In the looping case, obviously squash-on-non-taken works. However, in the
standard if-then-else case (which can occur inside a loop remember, so it
can occur even more frequently than loop-closers dynamically) just the
opposite is true. The HP Precision squashes according to the sign of the
branch displacement in conditional branches. Backwards branches (loop
closers) squash on non-taken, forward branches (if-then-else types, typically)
squash on taken. The best of both worlds, I think.

--
{decwrl,hplabs,ihnp4}!nsc!apple!baum		(408)973-3385

tom@nud.UUCP (Tom Armistead) (06/15/88)

In article <22065@amdcad.AMD.COM> tim@amdcad.AMD.COM (Tim Olson) writes:

[Concerning 88k branch delay slot handling ]

>This is the opposite of what the SPARC annulled branch does -- it
>squashes untaken branches.  Squashing the untaken branches seems more
>effective to me.  Take, for example, a simple loop:
>	load	r0, addr
>loop:
>	add	r0, r0, 1
>	store	r0, addr
>	add	addr, addr, 4
>	add	count, count, 1
>	cpge	bool, count, MAX
>	  jmpf	bool, loop		/* squashed on fall-through */
>	  load	r0, addr
>of the jump.  Since loops are usually executed many times, the
>annul-untaken form would seem to give the best overall performance.
>Any thoughts as to the benefits of annul-taken form?

   The same loop can be written in 88K asm as:  (I'm not familiar with
SPARC code so I hope this is equivalent - it illustrates the point 
anyway).

(addr, count, bool are registers I presume.)

loop:
	ld	r2,addr,0
	add	r2,r2,1
	st	r2,addr,0
	add	count,count,1
	cmp	bool,count,MAX
	bb0.n	eq,bool,loop		; This branch effectively takes
	add	addr,addr,4		; only 1 tick.


    The number of loop instructions is equivalent in either the 
annul-taken form or the always executed form (for this example
anyway).  The only slight difference is that no "cleanup" instruction
was required in the always executed form.  There might be some instances
where annul-taken is better but I don't know of any specific ones. 

    As an aside, the 88k has some addressing modes which will allow the above
code to be written more efficiently as:

	add	count,r0,MAX-1
loop:
	ld	r2,addr[count]
	add	r2,r2,1
	st	r2,addr[count]
	bcnd.n	ne0,count,loop		; This branch effectively takes
	sub	count,count,1		; only 1 tick.
-- 
Just a few more bits in the stream.

The Sneek

daryl@hpcldko.HP.COM (Daryl Odnert) (06/16/88)

The Hewlett Packard Precision Architecture uses the following approach:
When a branch instruction is executed, the delay slot instruction executed
before control flow is transferred to the branch target.  A bit is provided
in each branch instruction, however, that can cause the nullification of
the delay slot instruction.  Exactly what happens depends on the direction
of the branch and whether or not it is a conditional branch.

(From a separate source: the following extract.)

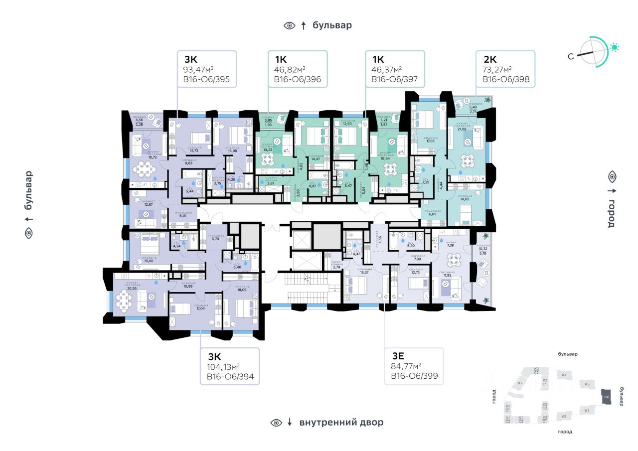 Архитектуру квартала В16 создало итальянское бюро ARCHEA middle east: каждый дом узнаваем, но вместе они складываются в спокойный, цельный ансамбль. В облицовке сочетаются тёплые оттенки кирпича и металла, за счёт игры фактур фасады выглядят живыми и меняются в разное время дня. Строгая геометрия поддерживает ритм города, а мягкая природная палитра помогает чувствовать себя дома, а не в деловом квартале. Дом возводится по технологии монолитного строительства. Все квартиры передаются с чистовой отделкой. Отделка предлагается на выбор в трёх стилях — Новая классика, Скандинавский и Средиземноморский — в нескольких цветовых решениях. В квартирах предустановлена система ''умный дом'', объединяющая управление квартирой, домом и прилегающей территорией. Можно регулировать климат и освещение голосом или через смартфон. Высота потолков — от 3,12 м. Квартал состоит из девяти домов средней этажности — от 7 до 10 этажей. Корпуса формируют большой внутренний двор площадью два гектара. Во дворе предусмотрены зоны для разных сценариев: просторные площадки для детей, пространства для активного досуга и спорта, тихие места для отдыха и спокойного времени, а также удобные рабочие места под открытым небом. Здесь легко найти своё — для жизни, здоровья и занятий тем, что действительно нравится. В доме предусмотрены: уютное лобби с зоной ожидания, зона коворкинга в лобби, детская игровая комната на первом этаже, общественная терраса для досуга резидентов с диванной группой и зоной для йоги с настилом, лапомойка, санузел, помещение для хранения колясок и велосипедов, подземный паркинг.

       When nullification is selected in a branch instruction...

   Branch type         Branch direction    Branch taken?   Is the delay slot
							   instruction
							   executed?
   conditional         forward             yes                    no
   conditional         forward             no                     yes
   conditional         backward            yes                    yes
   conditional         backward            no                     no
   unconditional       forward             always                 no
   unconditional       backward            always                 no


Daryl Odnert
HP Computer Language Lab
hplabs!hpcllcm!daryl

markhall@pyramid.pyramid.com (Mark Hall) (06/16/88)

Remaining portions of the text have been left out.